● WORK ORDER
Within the listing below, show every line that contains the word "between".
START MATERIAL FOR THIS EXERCISE
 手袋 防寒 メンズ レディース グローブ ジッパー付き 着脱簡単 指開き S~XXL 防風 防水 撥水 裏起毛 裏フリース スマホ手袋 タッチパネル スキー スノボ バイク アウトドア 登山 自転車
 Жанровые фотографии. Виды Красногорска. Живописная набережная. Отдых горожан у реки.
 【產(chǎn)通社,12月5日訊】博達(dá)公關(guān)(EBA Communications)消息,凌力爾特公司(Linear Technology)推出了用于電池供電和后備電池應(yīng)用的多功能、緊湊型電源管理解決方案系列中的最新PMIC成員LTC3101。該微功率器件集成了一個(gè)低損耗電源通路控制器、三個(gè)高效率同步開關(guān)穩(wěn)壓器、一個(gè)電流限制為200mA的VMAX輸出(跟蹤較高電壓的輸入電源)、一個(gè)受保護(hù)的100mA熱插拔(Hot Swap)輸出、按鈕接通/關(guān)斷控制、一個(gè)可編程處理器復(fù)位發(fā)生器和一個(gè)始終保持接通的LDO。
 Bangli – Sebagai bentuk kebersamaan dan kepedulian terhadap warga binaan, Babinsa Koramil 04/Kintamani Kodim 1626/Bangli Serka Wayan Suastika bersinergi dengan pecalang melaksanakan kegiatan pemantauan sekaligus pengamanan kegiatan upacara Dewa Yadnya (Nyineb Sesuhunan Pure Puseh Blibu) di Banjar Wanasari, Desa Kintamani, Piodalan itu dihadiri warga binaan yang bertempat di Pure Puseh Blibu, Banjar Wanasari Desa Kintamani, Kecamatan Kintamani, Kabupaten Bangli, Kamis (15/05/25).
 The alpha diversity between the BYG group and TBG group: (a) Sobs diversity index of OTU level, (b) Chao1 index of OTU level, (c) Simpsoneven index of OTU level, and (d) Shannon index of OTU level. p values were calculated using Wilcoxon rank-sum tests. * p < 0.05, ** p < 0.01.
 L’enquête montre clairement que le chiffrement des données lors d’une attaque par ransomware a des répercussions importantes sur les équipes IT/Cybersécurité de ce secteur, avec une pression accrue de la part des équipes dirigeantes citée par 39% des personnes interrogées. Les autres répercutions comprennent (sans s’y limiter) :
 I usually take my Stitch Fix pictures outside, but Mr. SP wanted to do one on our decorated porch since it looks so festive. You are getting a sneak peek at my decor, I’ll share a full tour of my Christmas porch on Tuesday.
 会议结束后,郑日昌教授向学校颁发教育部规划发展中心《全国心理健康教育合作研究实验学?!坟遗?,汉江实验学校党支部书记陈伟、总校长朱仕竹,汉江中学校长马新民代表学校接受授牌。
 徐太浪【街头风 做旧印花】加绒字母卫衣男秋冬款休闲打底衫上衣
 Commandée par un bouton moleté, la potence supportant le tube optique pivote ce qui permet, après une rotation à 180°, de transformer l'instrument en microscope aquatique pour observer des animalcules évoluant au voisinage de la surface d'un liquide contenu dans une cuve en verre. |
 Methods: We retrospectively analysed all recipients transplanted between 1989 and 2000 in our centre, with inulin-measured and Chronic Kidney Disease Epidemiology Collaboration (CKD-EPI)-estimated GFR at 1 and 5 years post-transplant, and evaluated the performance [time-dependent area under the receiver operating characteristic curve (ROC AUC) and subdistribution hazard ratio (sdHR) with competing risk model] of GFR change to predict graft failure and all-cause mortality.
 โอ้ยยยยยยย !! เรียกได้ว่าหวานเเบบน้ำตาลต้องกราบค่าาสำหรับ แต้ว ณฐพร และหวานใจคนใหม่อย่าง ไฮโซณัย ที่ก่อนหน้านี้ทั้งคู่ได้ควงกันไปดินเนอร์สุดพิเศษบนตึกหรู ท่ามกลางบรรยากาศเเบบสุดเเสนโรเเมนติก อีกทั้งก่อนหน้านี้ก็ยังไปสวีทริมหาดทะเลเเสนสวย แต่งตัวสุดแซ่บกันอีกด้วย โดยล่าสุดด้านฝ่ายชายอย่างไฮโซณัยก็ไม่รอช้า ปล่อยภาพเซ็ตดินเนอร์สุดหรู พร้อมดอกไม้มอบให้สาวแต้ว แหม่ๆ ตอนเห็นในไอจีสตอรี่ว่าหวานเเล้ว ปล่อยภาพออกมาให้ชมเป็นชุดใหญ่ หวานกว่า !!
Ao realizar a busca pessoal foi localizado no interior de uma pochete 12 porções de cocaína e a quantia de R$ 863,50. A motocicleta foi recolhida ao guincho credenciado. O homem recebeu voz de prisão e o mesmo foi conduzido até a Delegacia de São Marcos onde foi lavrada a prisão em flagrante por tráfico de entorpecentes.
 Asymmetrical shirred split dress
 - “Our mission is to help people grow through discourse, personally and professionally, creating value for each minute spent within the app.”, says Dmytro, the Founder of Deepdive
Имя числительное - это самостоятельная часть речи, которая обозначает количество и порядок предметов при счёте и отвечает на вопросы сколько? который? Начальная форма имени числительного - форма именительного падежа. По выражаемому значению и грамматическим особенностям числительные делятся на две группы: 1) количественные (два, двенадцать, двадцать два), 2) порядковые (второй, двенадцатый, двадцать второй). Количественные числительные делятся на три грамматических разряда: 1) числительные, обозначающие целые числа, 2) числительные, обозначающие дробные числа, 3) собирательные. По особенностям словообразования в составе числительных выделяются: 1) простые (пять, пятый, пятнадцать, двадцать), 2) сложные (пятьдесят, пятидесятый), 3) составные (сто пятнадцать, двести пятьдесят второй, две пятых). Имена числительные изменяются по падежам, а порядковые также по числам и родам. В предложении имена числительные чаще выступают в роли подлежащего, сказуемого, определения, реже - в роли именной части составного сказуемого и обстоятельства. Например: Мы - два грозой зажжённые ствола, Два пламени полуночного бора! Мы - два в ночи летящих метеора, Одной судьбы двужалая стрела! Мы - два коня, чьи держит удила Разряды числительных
END MATERIAL FOR THIS EXERCISE
● RESPONSE AREA
 The alpha diversity between the BYG group and TBG group: (a) Sobs diversity index of OTU level, (b) Chao1 index of OTU level, (c) Simpsoneven index of OTU level, and (d) Shannon index of OTU level. p values were calculated using Wilcoxon rank-sum tests. * p < 0.05, ** p < 0.01.
 Methods: We retrospectively analysed all recipients transplanted between 1989 and 2000 in our centre, with inulin-measured and Chronic Kidney Disease Epidemiology Collaboration (CKD-EPI)-estimated GFR at 1 and 5 years post-transplant, and evaluated the performance [time-dependent area under the receiver operating characteristic curve (ROC AUC) and subdistribution hazard ratio (sdHR) with competing risk model] of GFR change to predict graft failure and all-cause mortality.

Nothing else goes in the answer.